Ceux ci sont passés de 25 767 millions d’euros à 24 856 millions
d’euros…

Une mission dénommée Cohésion des Territoires et qui regroupe
aujourd’hui les crédits du Logement (construction et financement des aides
personnelles) a relativement stagné autour de 20 Mds d’euros, victime
notamment du très fort ralentissement de la construction neuve et
singulièrement de celle de logements sociaux.
Mais les aides personnelles ont, aussi, été « rectifiées » à la baisse
avec la nouvelle norme fiscale de la retenue à la source qui a supprimé le
décalage entre réalité des revenus des ménages et période de versement
des allocations.
Regardons maintenant les plus grosses enveloppes.

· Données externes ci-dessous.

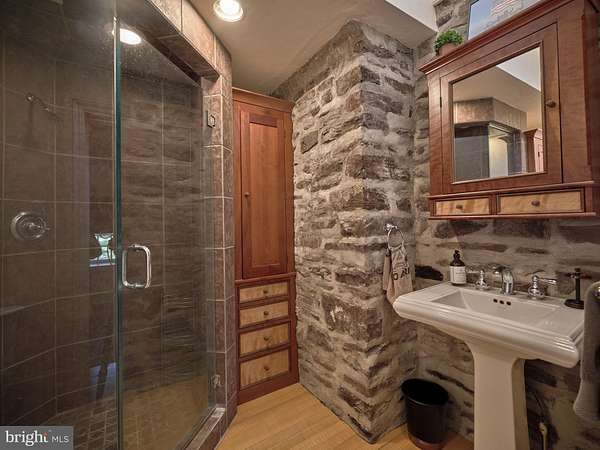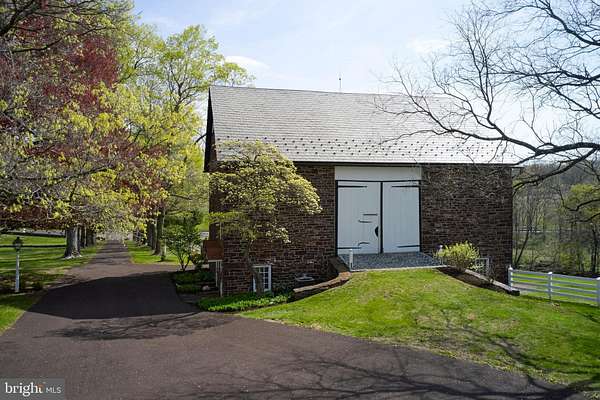 If you are seeking a true Bucks County Estate rich in history and elevated for todays living, then this is it! Overlooking picturesque Cabin Run Creek and bucolic farmland this Bucks County estate dates back to Circa 1785, a rare offering- restored and expanded set on over 12.5 acres of rolling and open land on a postcard setting! At its heart is a magnificent 4 bedroom stone farmhouse, where original character meets refined country living. Rich with exposed stone walls, antique beams, and bespoke craftsmanship, the home opens to a series of inviting outdoor spaces-stone terraces, a walled courtyard, a serene pool setting and gardens bordered by dry-laid stone walls throughout. Ancillary structures include the main barn with radiant-heated, finished lower-level barn currently used as an entertaining and office retreat , but would also make a signifiant studio space for an artist, designer or can easily be converted back to a working barn with Dutch doors that open to pastoral views. Endless possibilities, with kitchen and full bath. Additionally a separate oversized 3 car garage with 2 bedroom, light and airy full service carriage house. An additional 24+ acre parcel-unpreserved with its own separate road access is available for purchase. This land offers remarkable potential for equestrian pursuits, farming, pasture, or the creation of a second residence. A setting of rare beauty and privacy, this is more than a home-it is a generational estate in one of Bucks County's most picturesque valleys. Close to Philadelphia, Doylestown and close proximity to all amenities and I 78. An impressive Country Estate!
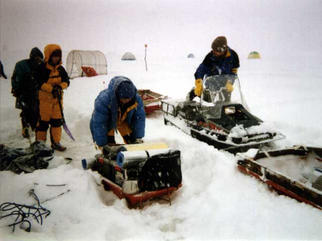 さあ、大きな橇に、釣り道具、テント等を満載して出発!(写真1)
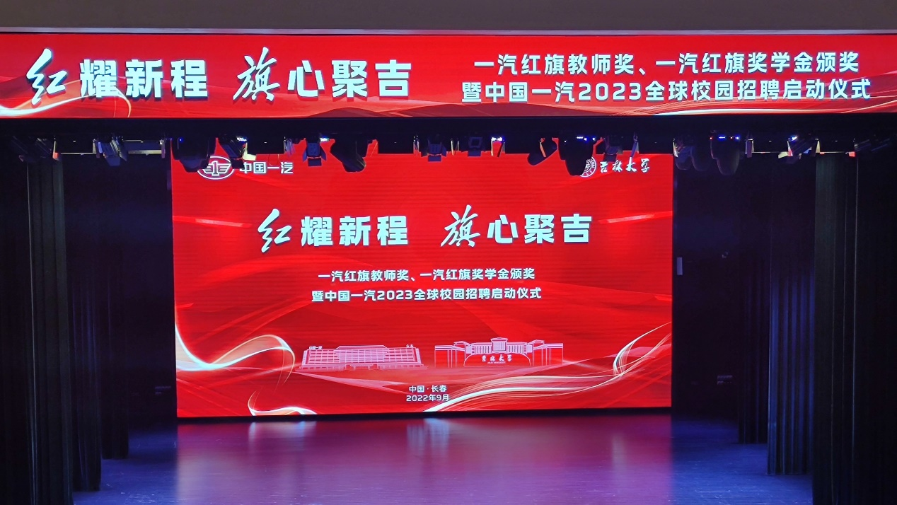 为深入贯彻落实中央人才工作会议精神,实施人才强国、人才强校、人才强企战略,深化校企高质量合作,2022年9月19日下午,“红耀新程 旗心聚吉”一汽红旗教师奖、一汽红旗奖学金颁奖暨中国一汽2023全球校园招聘启动仪式在yl23455永利鼎新大讲堂举行,yl23455永利组织20名研究生代表参与本次仪式。
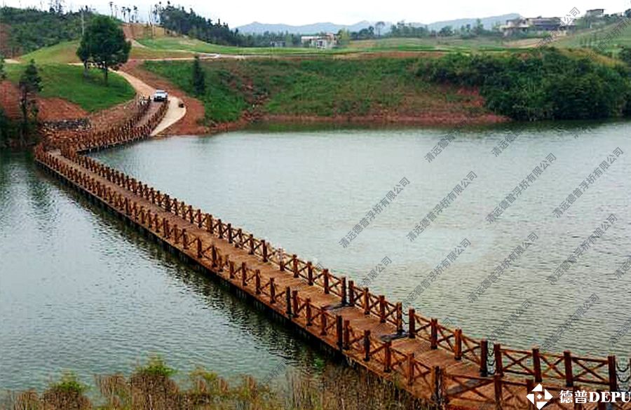 江西廬山西海中信集團(tuán)高爾夫浮橋:全長148米,橋?qū)?.1米,浮橋總面積約437㎡。水位落差10米。該浮橋是我公司獨(dú)立設(shè)計(jì)、施工等相關(guān)工作。也是國內(nèi)唯一可以能過高爾夫球車的浮橋。
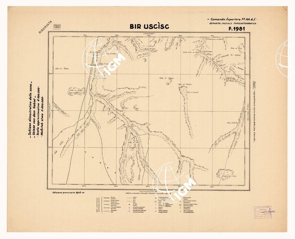 COMANDO SUPERIORE F.F.A.A. REPARTO SPECIALE TOPOCARTOGRAFICO. Ingrandimento Carta dimostrativa della Libia 1:400.000 rilevamento della costa eseguito dalla R. Marina tracciato della Via Balbia dell’Ufficio Spec.le della Strada. Itinerari vari eseguiti da topografi dell’I.G.M. determinazioni astronomiche e speditive e triangolazione trigonometriche dell’I.G.M. e della R. Marina. Informazioni varie.
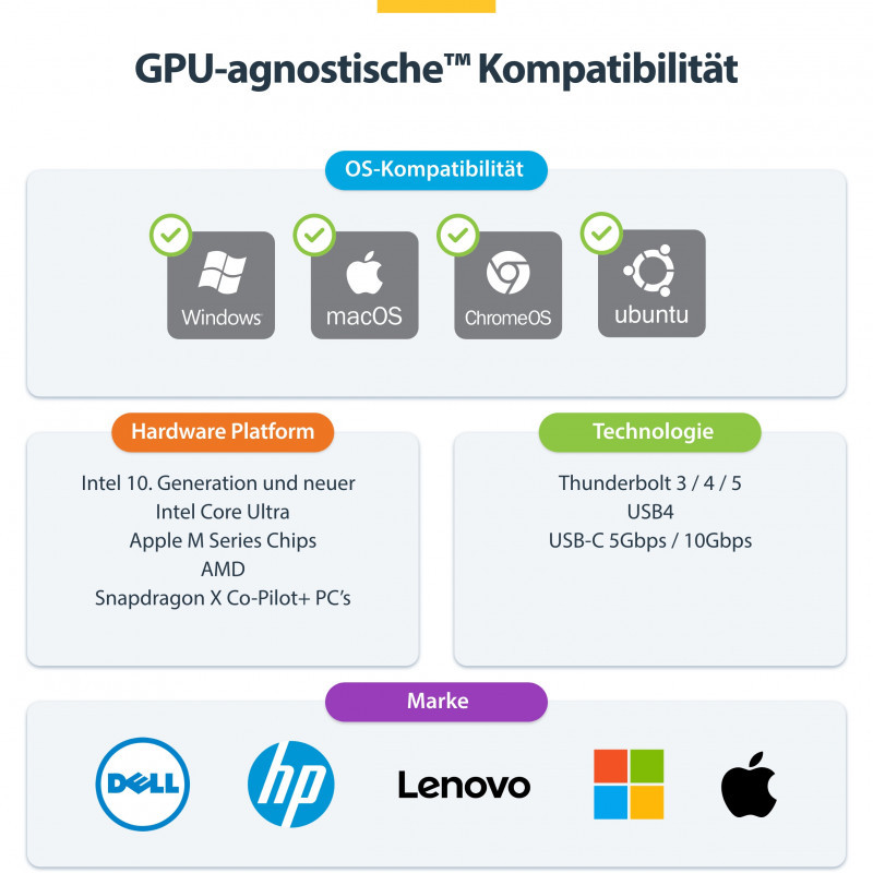 This triple-4K docking station uses a combination of its integrated DisplayLink® graphics controller and your computer's DP Alt Mode enabled USB-C port to provide three independent 4K displays.

Commençons avec le Ministère de la Défense dont les crédits sont
passés de 42 258 millions d’euros à 56 756 millions, soit une hausse de
plus de 34 % portée par la loi de programmation militaire, les exigences de
l’OTAN et la soutien accordé à l’Ukraine, sans parler de la présence de nos
troupes en maints théâtres d’opérations extérieures.
Ensuite le Ministère de l’Education Nationale, qui pour sa mission
Enseignement scolaire, est passé de 70 329 millions à 87 002 millions
d’euros.
La hausse est donc là de 24 % environ et recoupe entre autres la
revalorisation (incomplète) du traitement des enseignants, masquant de
surcroît assez mal la persistance d’un emploi précaire dans l’enseignement.
La situation est cependant meilleure que celle de la mission
Recherche et Enseignement supérieur, dont les crédits restent calés à la
même valeur en euros constants, à un peu plus de 31,3 Mds d’euros.
Certes, des missions disposant de crédits devenus marginaux
(Investir dans la France de 2030, Plan de relance) peuvent recouper
certains champs de la Recherche mais ils sont utilisés dans le cadre de
coopérations entre secteur public de la recherche et secteur privé industriel
et commercial.
Nous avons ensuite les crédits dits de la Solidarité et de l’Insertion,
passés de 19 à 31 Mds d’euros, une hausse imputable à l’augmentation du

nombre de bénéficiaires de l’allocation adulte handicapé mais aussi à celle
du nombre des salariés percevant la prime d’activité.
Les dépenses liées à la Sécurité du territoire sont également
dynamiques sur la période, passées de 19,5 Mds d’euros à 24,3 Mds
d’euros.
La mission Travail et Emploi, passée de 15,6 à 22,7 Mds d’euros
notamment sous l’effet du développement de l’apprentissage (y compris
post bac) est une autre source de progression des dépenses publiques
depuis l’élection d’Emmanuel Macron.
Mais on ne saurait oublier à ce stade les deux missions les plus
coûteuses, sur le fond, pour les finances publiques, et dont la dérive est le
plus sûr moyen de creuser le déficit.
D’une part, la mission « Remboursements et dégrèvements », à
l’enveloppe bien remplie de 140,5 Mds d’euros estimés pour 2024 et,
d’aute part, celle des Engagements financiers de l’État, pourvue d’une
prévision de 60,8 Mds d’euros.
Ces deux ensembles pourraient donc dépasser cette année le total
hallucinant de 200 Mds d’euros.
Pour un peu moins de 155 Mds d’euros en 2017…
Et encore faut il ici rappeler que, malgré son dynamisme, cette
mission ne prend pas en charge la suppression de la taxe d’habitation ou
celle de la redevance audiovisuelle, ces mesures de politique publique
macronienne ayant été résolues par affectation d’une partie du produit de
la TVA ?
De mon point de vue, le dérapage des comptes publics trouve son
origine dans des choix fiscaux coûteux sur le moyen et long terme,
illustrés par cette «  pré affectation » de recettes publiques en
compensation de ces choix.
L’heure ne devrait donc pas être à la purge des dépenses.